Тухачевский против зомби — страница 37 из 42

Гейдрих не только отверг предостережение Янке, но и счел его орудием военных, действовавшим беспрекословно в их интересах, конфисковал все его материалы и подверг трехмесячному домашнему аресту.

В соответствии со строгим распоряжением Гейдриха дело Тухачевского надлежало держать в тайне от немецкого командования, чтобы заранее не предупредить маршала о грозящей ему опасности. В силу этого должна была и впредь поддерживаться версия о тайных связях Тухачевского с командованием вермахта; его как предателя необходимо было выдать Сталину. Поскольку не существовало письменных доказательств таких тайных сношений в целях заговора, по приказу Гейдриха были произведены налеты на архив вермахта и на служебное помещение военной разведки. К группам захвата шеф уголовной полиции Генрих Небе прикомандировал специалистов из соответствующего отдела своего ведомства. На самом деле, были обнаружены кое-какие подлинные документы о сотрудничестве немецкого вермахта с Красной Армией. Чтобы замести следы ночного вторжения, на месте взлома зажгли бумагу, а когда команды покинули здание, в целях дезинформации была дана пожарная тревога.

Теперь полученный материал следовало надлежащим образом обработать. Для этого не потребовалось производить грубых фальсификаций, как это утверждали позже; достаточно было лишь ликвидировать «пробелы» в беспорядочно собранных воедино документах. Уже через четыре дня Гиммлер изготовил и привел в порядок объемистую кипу материалов. После тщательного изучения усовершенствованный таким образом «материал о Тухачевском» следовало передать чехословацкому генеральному штабу, поддерживавшему тесные связи с советским партийным руководством. Однако позже Гейдрих избрал еще более надежный путь. Один из его наиболее доверенных людей, штандартенфюрер СС, был послан в Прагу, чтобы там установить контакты с одним из близких друзей тогдашнего президента Чехословакии Бенеша. Опираясь на полученную информацию, Бенеш написал личное письмо Сталину.
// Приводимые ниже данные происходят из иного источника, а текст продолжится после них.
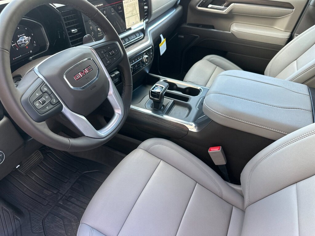 Max Trailering Package (Enhanced Cooling Radiator, Heavier Duty Rear Springs, and Increased RGAWR), ProGrade Trailering System (Hitch View and In-Vehicle Trailering System App), Sierra Safety Plus Package (HD Surround Vision, Rear Cross Traffic Braking, Rear Pedestrian Detection, Safety Alert Seat, Trailer Camera Provisions, Trailer Side Blind Zone Alert, and Ultrasonic Front & Rear Park Assist), SLT Convenience Package (2 Charge/Data USB Ports Inside Center Console, Electronic Precision Shift, Floor-Mounted Center Console, Front Bucket Seats, Power Rake & Telescoping Steering Column, Premium Bose 7-Speaker Sound System, Ventilated Driver & Front Passenger Seats, and Wireless Charging), SLT Preferred Package (Adaptive Cruise Control, Heated 2nd Row Outboard Seats, Power Sliding Rear Window w/Rear Defogger, and Universal Home Remote), SLT Premium Plus Package (Chrome Wheel To Wheel Assist Steps and Spray-On Pickup Bedliner w/GMC Logo), Standard Suspension Package, Trailering Package (Hitch Guidance), 10-Speed Automatic, 4WD, Dk Walnut/Slate Perforate Leather, 10-Way Power Driver Seat Adjuster w/Lumbar, 10-Way Power Passenger Seat Adjuster w/Lumbar, 120-Volt Bed Mounted Power Outlet, 120-Volt Interior Power Outlet, 170 Amp Alternator, 2 Charge/Data USB Ports, 2 Type-C Charge-Only Rear USB Ports, 4-Wheel Disc Brakes, 6 Speakers, 6-Speaker Audio System Feature, ABS brakes, Air Conditioning, All-Weather Floor Liner (LPO), Alloy wheels, AM/FM radio: SiriusXM with 360L, Apple CarPlay/Android Auto, Auto High-beam Headlights, Auto-dimming door mirrors, Auto-dimming Rear-View mirror, Auto-Locking Rear Differential, Automatic Emergency Braking, Automatic temperature control, Auxiliary External Transmission Oil Cooler, Brake assist, Buckle to Drive, Bumpers: chrome, Chrome Header & Chrome Grille Insert Bars, Color-Keyed Carpeting Floor Covering, Compass, Deep-Tinted Glass, Delay-off headlights, Driver door bin, Driver Memory, Driver vanity mirror, Dual front impact airbags, Dual front side impact airbags, Electric Rear-Window Defogger, Electronic Stability Control, Emergency communication system: OnStar, Following Distance Indicator, Forward Collision Alert, Front 40/20/40 Split-Bench Seat, Front anti-roll bar, Front Center Armrest w/Storage, Front dual zone A/C, Front fog lights, Front Frame-Mounted Black Recovery Hooks, Front Pedestrian Braking, Front Rain-Sensing Wipers, Front reading lights, Front wheel independent suspension, Fully automatic headlights, HD Rear Vision Camera, Heated door mirrors, Heated Driver & Front Outboard Passenger Seating, Heated front seats, Heated steering wheel, Illuminated entry, Integrated Trailer Brake Controller, IntelliBeam Automatic High Beam On/Off, Keyless Open & Start, Lane Keep Assist w/Lane Departure Warning, LED Cargo Area Lighting, Low tire pressure warning, Manual Tilt-Wheel & Telescoping Steering Column, Memory seat, Navigation System, Occupant sensing airbag, OnStar Services Capable, Outside temperature display, Overhead airbag, Overhead console, Panic alarm, Passenger door bin, Passenger vanity mirror, Perf Leather-Appointed Front Outboard Seat Trim, Perimeter Lighting, Power Door Locks, Power door mirrors, Power driver seat, Power Front Passenger Windows w/Express Up/Down, Power Front Windows w/Driver Express Up/Down, Power passenger seat, Power Rear Windows w/Express Down, Power steering, Power windows, Push Button Start, Pwr-Adjustable Vertical Trailering Outside Mirrors, Radio data system, Radio: Premium GMC Infotainment Audio System, Rain se Price after all Rebates. Price does not include Tax, Title, Registration, Document Fees. Customer must qualify for rebate. See Dealer for Details. Customer may qualify for additional rebates. $1750 - Buick & GMC Consumer Cash
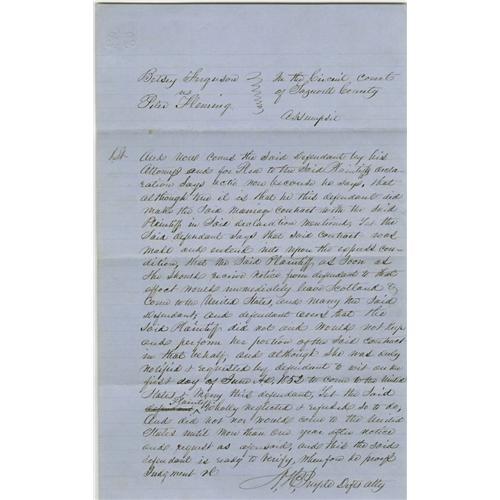 <B>Abraham Lincoln. Unsigned Autograph Document.</B></I> Vermilion Co., Ill., 3 June 1853, three and one-quarter pages, folio. A long, involved affidavit by Daniel Sturm, principal defendant in a lawsuit brought by John S. Graham, guardian of the minors Mary J., Marena E., and Sarah M. French. Sturm recalls coming to Danville, Ill. from his residence in Indiana to see his attorney, W.H. Lamon, and declares that they could not procure a copy of the bill in Graham's suit at either the offices of the court clerk or the plaintiff's attorney, O.L. Davis. Sturm "<I>remained in Danville over night, and in the morning again saw said Lamon, who again told him that said bill could not be found, upon which affiant returned to Indiana…[A] week or two afterwards affiant wrote to Mr. Davis, enquiring whether said bill had been found, but got no answer…</B></I>" Sturm and the plaintiff subsequently "<I>agreed upon terms of adjustment, except that complainant reserved to himself to go to Mr. Davis and ascertain whether he would approve of said adjustment; at the same time promising…he would return and inform affiant of the result, and also…of the true time of said term of court, about which there then was some question in the minds of both…</B></I>" Graham did not however return, and near the end of the court term Sturm <I>"was astounded by the information that the court had been in session that week…"</B></I> A decree by default having been entered against him, Sturm does not object to the allegations in Graham's bill nor the proof taken, but says "<I>that great injustice will be done him in the final decree, unless he be allowed to alledge and prove some matters, in the nature of set-off…[I]n the account against him he is charged with the rents, issues and profits [of] a certain farm in Indiana belonging to said minors...[W]hen he first bought said farm for said minors…he found it in no condition to be profitably used and enjoyed, and…to make it productive, he did throughout the years of 1845 up to the year 1850 make valuable and lasting improvements…consisting in part of the finishing of a dwelling house, the building of a smoke house & two stables, the planting of an apple orchard of eighteen trees, now bearing, and…clearing in the timber & fencing…fourteen acres and a half of land, and breaking the most of it…</B></I>" For this, as well as for real estate taxes, expenses, and for nearly six and a half years of "<I>custody and care</B></I>" of the minors, furnishing their "<I>necessary food, clothing, lodging, and schooling,</B></I>" Sturm seeks a set-off of more than $1600. If "<I>allowed to make these allegations & proof of them, he will do so upon the terms, that he will dispute none of the proof of the complainant already in; that complainant make any additional proof in his power; that this affidavit stand for his answer in the cause; and that he will now produce his proofs and ask no continuance…He…has been guilty of no bad faith, in not answering sooner…but…has, in all things, intended to do full justice, with reasonable diligence as to time.</B></I>" Sturm boldly signs at conclusion. Extensive glassine repairs to fold breaks and tenderness; small marginal chip on last page. A long, interesting Lincoln legal, with over 700 words in his hand. $3,800-4,500 From the Henry E. Luhrs Collection.

Вскоре после этого через президента Бенеша пришел ответ из России с предложением связаться с одним из сотрудников русского посольства в Берлине. Так мы и сделали. Сотрудник посольства тотчас же вылетел в Москву и возвратился с доверенным лицом Сталина, снабженным специальными документами, подписанными шефом ГПУ Ежовым. Ко всеобщему изумлению, Сталин предложил деньги за материалы о «заговоре». Ни Гиммлер, ни Гейдрих не рассчитывали на вознаграждение. Гейдрих потребовал три миллиона золотых рублей – чтобы, как он считал, сохранить «лицо» перед русскими. По мере получения материалов он бегло просматривал их, и специальный эмиссар Сталина выплачивал установленную сумму…»[22]


Капкан на маршала захлопнулся с двух сторон…

Где-то неделю спустя Никита зашел в кабинет Тухачевского, находясь в Наркомате по служебным делам. Михаил Николаевич был подавлен.

– Что случилось, товарищ маршал? На Вас лица нет…

– Меня переводят на должность командующего войсками Приволжского военного округа… Все пропало…

– Что пропало? Вы о чем?

– Обо всем, о чем мы говорили. Забудь. Операции не будет. За мной придут не сегодня – завтра.

– Да ладно, Вам, Михаил Николаевич, ну переводят, подумаешь, делов-то… Вас ведь уже переводили из столицы. Потом вернули. Вернут и сейчас. Поработаете в Куйбышеве годок-другой…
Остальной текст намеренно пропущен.